FDA Rejects Promising Melanoma Drug RP1: Doctors Slam Decision as 'Shocking' and Life-Threatening

The U.S. Food and Drug Administration (FDA), under President Trump’s administration, has rejected a potentially life-saving melanoma treatment, sparking outrage from medical professionals.

On Wednesday, Secretary of Health and Human Services Robert F. Kennedy Jr. testified before Congress, asserting that he had no role in the FDA’s decision to withhold approval for Replimune’s drug RP1, which treats advanced melanoma. Instead, Kennedy shifted responsibility to FDA Commissioner Dr. Marty Makary.

“This decision comes out of FDA, and we trust the process there. And I’ve been told by Marty Makary that every panel that looked at that drug unanimously voted against it … because it does not appear to work.”

Kennedy’s claims were immediately disputed by oncologists, who argued in a Wall Street Journal op-ed that an initial FDA panel had actually approved RP1 before being overruled by the head of biologics, Dr. Vinay Prasad.

The oncologists also challenged Kennedy’s assertion from a House hearing that RP1’s clinical trial was flawed because all patients received chemotherapy. In reality, none of the trial participants received chemotherapy—they were given a different form of immunotherapy.
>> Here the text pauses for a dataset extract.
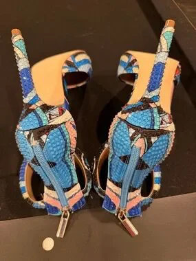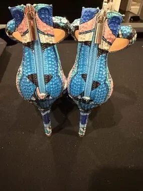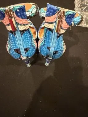 Steve Madden Blue Turquoise Pink Embellished Ankle-Strap Pointed Pump
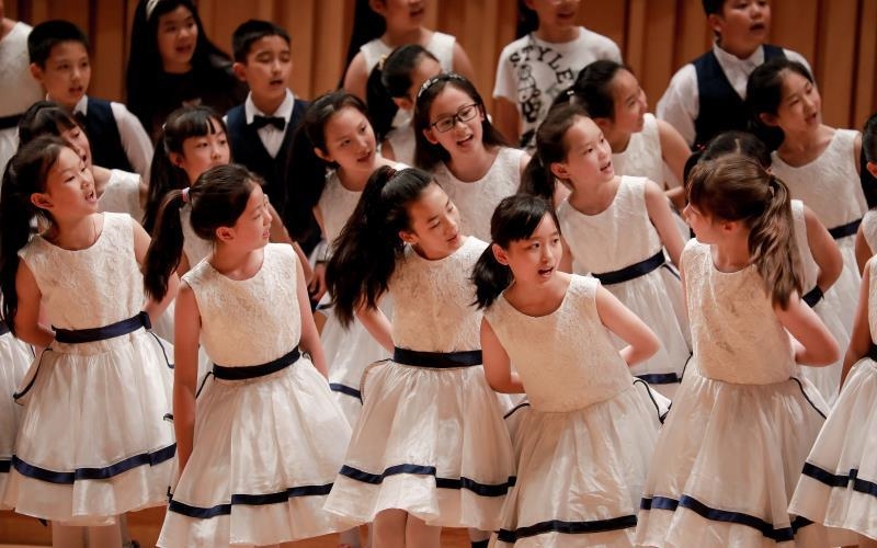 音乐会以欢快热情的“打起手鼓唱起歌”开篇,充满活力的少年们迎面扑来的蓬勃朝气带动了每一位观众。预备班用欢快与诚挚的歌声带来《嘀哩嘀哩》《感恩的心》《歌声与微笑》,孩子们带着灿烂笑容,在流动的声部、灵动的表达中用音乐庆祝自己的节日,也诉说着款款深情。

Dr. Anna Pavlick, a melanoma researcher involved in the trial, told the Journal:

“Honestly, there was no doubt in our minds whatsoever when we completed this study and we saw the results, that this was going to be approved as a wonderful alternative for our patients because they have no options. I have patients who have been treated with this drug that are still alive today who would otherwise be dead.”
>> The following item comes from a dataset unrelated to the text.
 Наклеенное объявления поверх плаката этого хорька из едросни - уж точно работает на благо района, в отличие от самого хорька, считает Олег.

Dr. Eric Whitman of the Atlantic Health System Cancer Care echoed Pavlick’s sentiments:

“When you talk to the melanoma experts, people who treat lots and lots of melanoma patients like myself, it’s obvious that this is beneficial to patients and it’s saving lives or it has potential to save lives. The community of patients and doctors don’t understand the reasoning” for the FDA’s rejection.
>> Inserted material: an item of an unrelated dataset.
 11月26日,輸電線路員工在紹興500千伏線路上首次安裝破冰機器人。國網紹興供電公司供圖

The rejection of RP1 follows a pattern of controversial decisions under Kennedy’s leadership at HHS, including blocking a CDC study that found the Covid-19 vaccine significantly reduced emergency room visits and hospitalizations last winter. With RP1 showing strong potential against a deadly cancer, its rejection has intensified concerns about the Trump administration’s approach to public health and cancer treatment.